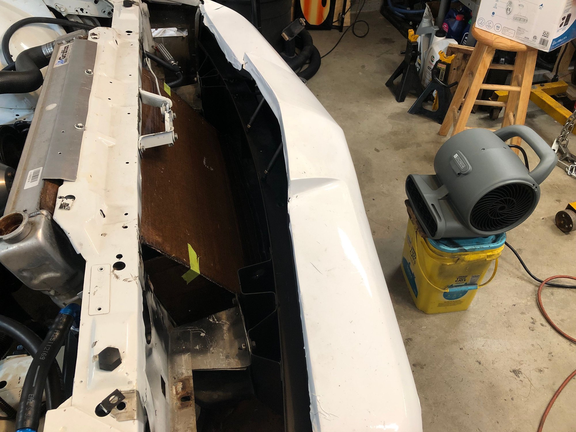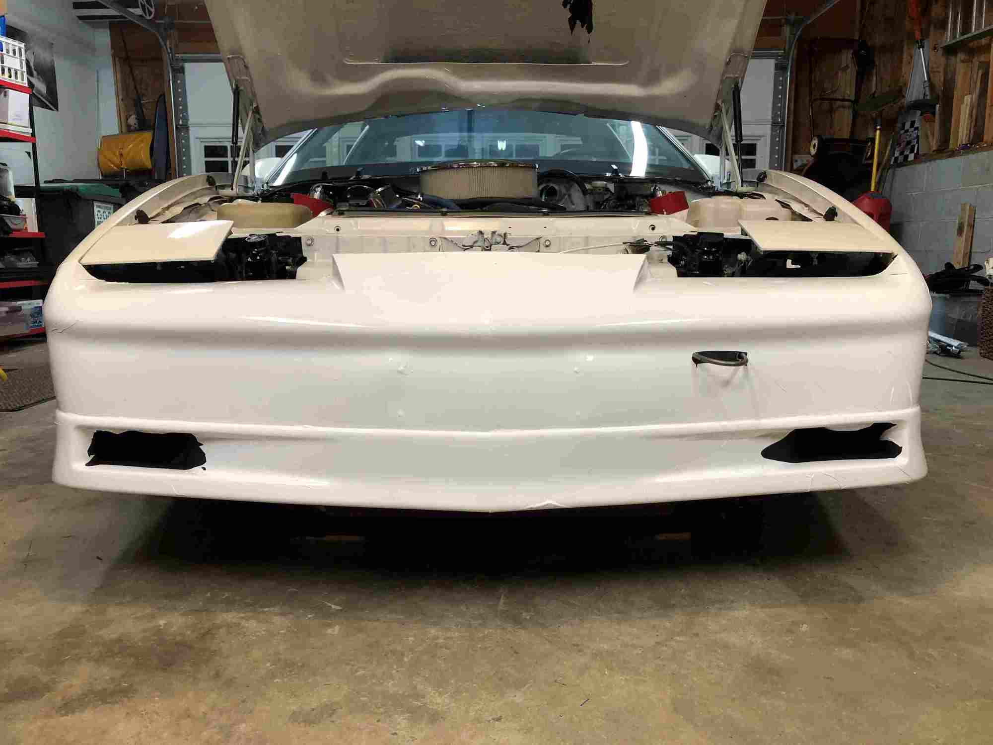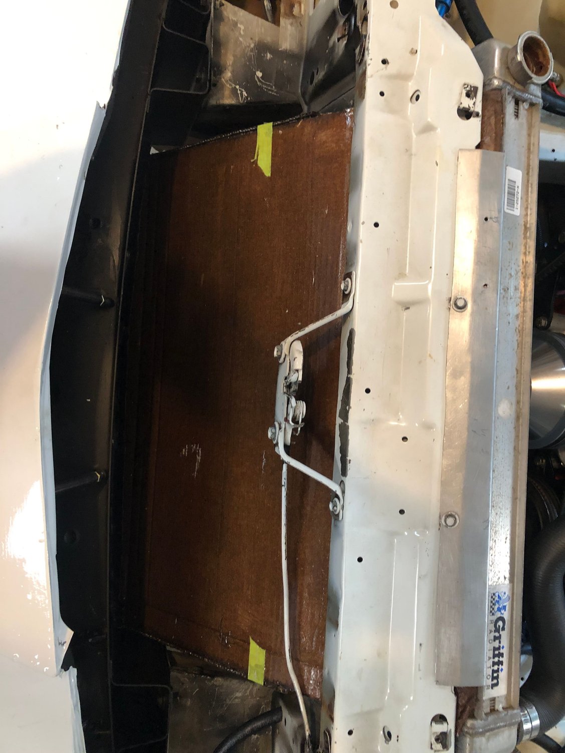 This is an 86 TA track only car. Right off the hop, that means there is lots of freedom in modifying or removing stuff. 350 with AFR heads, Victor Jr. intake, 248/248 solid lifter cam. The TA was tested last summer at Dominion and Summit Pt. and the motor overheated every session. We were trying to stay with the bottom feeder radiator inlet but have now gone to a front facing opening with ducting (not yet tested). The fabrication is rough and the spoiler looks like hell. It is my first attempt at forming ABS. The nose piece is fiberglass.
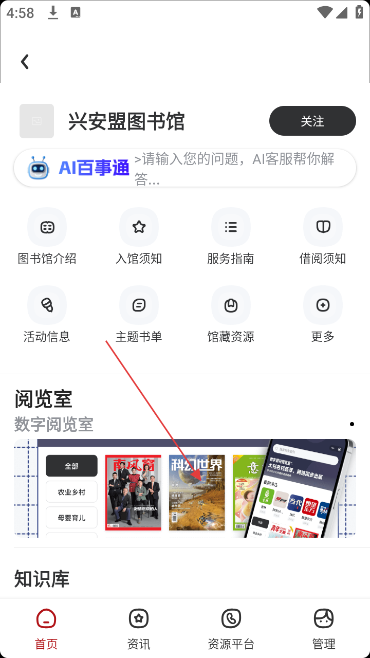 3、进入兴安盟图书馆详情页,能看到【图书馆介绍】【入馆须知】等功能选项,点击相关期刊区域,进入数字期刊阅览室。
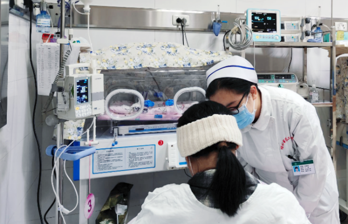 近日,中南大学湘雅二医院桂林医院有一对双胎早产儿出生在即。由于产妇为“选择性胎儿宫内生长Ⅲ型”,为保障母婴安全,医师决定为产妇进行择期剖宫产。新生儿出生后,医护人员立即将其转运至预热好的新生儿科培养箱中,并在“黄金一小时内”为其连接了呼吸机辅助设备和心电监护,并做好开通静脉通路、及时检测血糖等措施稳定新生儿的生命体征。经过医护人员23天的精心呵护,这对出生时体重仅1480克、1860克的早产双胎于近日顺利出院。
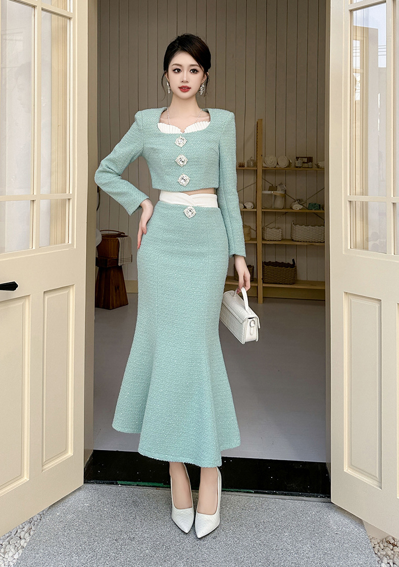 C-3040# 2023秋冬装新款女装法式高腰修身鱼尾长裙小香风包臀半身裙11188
=-=-=-=-=
#### EXERCISE OBJECTIVE
Set down all the material exactly once more. No pictures.

#### EXERCISE RESPONSE
 This is an 86 TA track only car. Right off the hop, that means there is lots of freedom in modifying or removing stuff. 350 with AFR heads, Victor Jr. intake, 248/248 solid lifter cam. The TA was tested last summer at Dominion and Summit Pt. and the motor overheated every session. We were trying to stay with the bottom feeder radiator inlet but have now gone to a front facing opening with ducting (not yet tested). The fabrication is rough and the spoiler looks like hell. It is my first attempt at forming ABS. The nose piece is fiberglass.
 3、进入兴安盟图书馆详情页,能看到【图书馆介绍】【入馆须知】等功能选项,点击相关期刊区域,进入数字期刊阅览室。
 近日,中南大学湘雅二医院桂林医院有一对双胎早产儿出生在即。由于产妇为“选择性胎儿宫内生长Ⅲ型”,为保障母婴安全,医师决定为产妇进行择期剖宫产。新生儿出生后,医护人员立即将其转运至预热好的新生儿科培养箱中,并在“黄金一小时内”为其连接了呼吸机辅助设备和心电监护,并做好开通静脉通路、及时检测血糖等措施稳定新生儿的生命体征。经过医护人员23天的精心呵护,这对出生时体重仅1480克、1860克的早产双胎于近日顺利出院。
 C-3040# 2023秋冬装新款女装法式高腰修身鱼尾长裙小香风包臀半身裙11188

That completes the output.